The preparations establish frameworks for such things as who will run the farm, handling of debt obligations and working with landlords to ensure continuation of farmland rentals. The planning applies to more than the death of a family member or partner. Divorce, disability and departure of a partner also must be considered when creating operating agreements.
To start that process, Leibold says farms need to first determine the goals of the business or estate plan. Who do you want to take over the farm — the kids, the remaining partners or a third party? Once that is determined, then the distribution of responsibilities and assets, plus establishing pathways for continued operation, can be laid out.
“Currently, people have been looking at putting assets into an LLC and then giving out units. So one unit equals one vote,” Leibold says. “There are a variety of other types of entities, such as limited partnerships or S corporations, that could be used as well.”
These plans have operating agreements that spell out procedures for transferring ownership.
“These all impact the ability of transferring ownership and impact how profits are distributed,” he says.

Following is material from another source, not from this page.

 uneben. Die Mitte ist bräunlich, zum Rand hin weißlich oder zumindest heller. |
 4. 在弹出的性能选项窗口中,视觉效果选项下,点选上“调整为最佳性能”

LLCs are flexible, as the operating agreement defines each member or manager’s rights, powers and entitlements. The agreement among the involved parties spells out the rules that run the company, and the rules can later be amended by the company unit holders.

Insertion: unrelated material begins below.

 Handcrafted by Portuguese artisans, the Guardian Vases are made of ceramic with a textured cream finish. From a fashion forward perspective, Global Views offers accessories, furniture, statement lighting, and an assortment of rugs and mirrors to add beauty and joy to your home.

This protects surviving family members and partners in the farm in the event one or more partners die, depart or become disabled.
Leibold tells one scenario in which a remaining partner assumes that the death of the farm’s partner nullifies the partnership and allows him to take over the farm and push out the deceased’s family. A properly designed operating agreement would protect the surviving spouse and children by retaining their ownership in the farm operation.
The disability of a partner or family member can be particularly difficult.
“Disability is a unique thing for agriculture. First of all, it is difficult to buy disability insurance because the premiums are high, as we are in a high-risk business,” says Liebold.
It is not uncommon, Leibold says, for the remaining partner or partners to push out the disabled one, because he cannot perform his share of the work.
“There are not many strategies to provide him much relief,” he says.
One means of relief is designing the operating agreement so that the remaining partners will buy out the disabled one, which would at least provide financial support.
In that instance, Leibold says the wording in the operating agreement is critical, particularly with the words “will” and “may.” A clause that says “will buyout” is an instruction that protects the affected partner, while “may buy out” is vague and gives the remaining partner or partners the option of either buying out the share or not.
Resolving debt is also tricky. If a partner is bought out, forced out, or leaves on his or her own, how will the remaining debt be distributed? Will the departed partner be assigned his or her share, or will it stay with the farm?
All of those issues need to be spelled out in the agreement.
Divorce can be difficult too in that the departing spouse may want some of the farm’s physical assets. Which might be doable, but again will debt or shares of the farm go with the assets? Again, Leibold says such events should be anticipated when designing the operating agreement.
One of Leibold’s key rules is: “I never put together a plan without a plan to take it apart if the plan fails.”
In other words, design an exit strategy.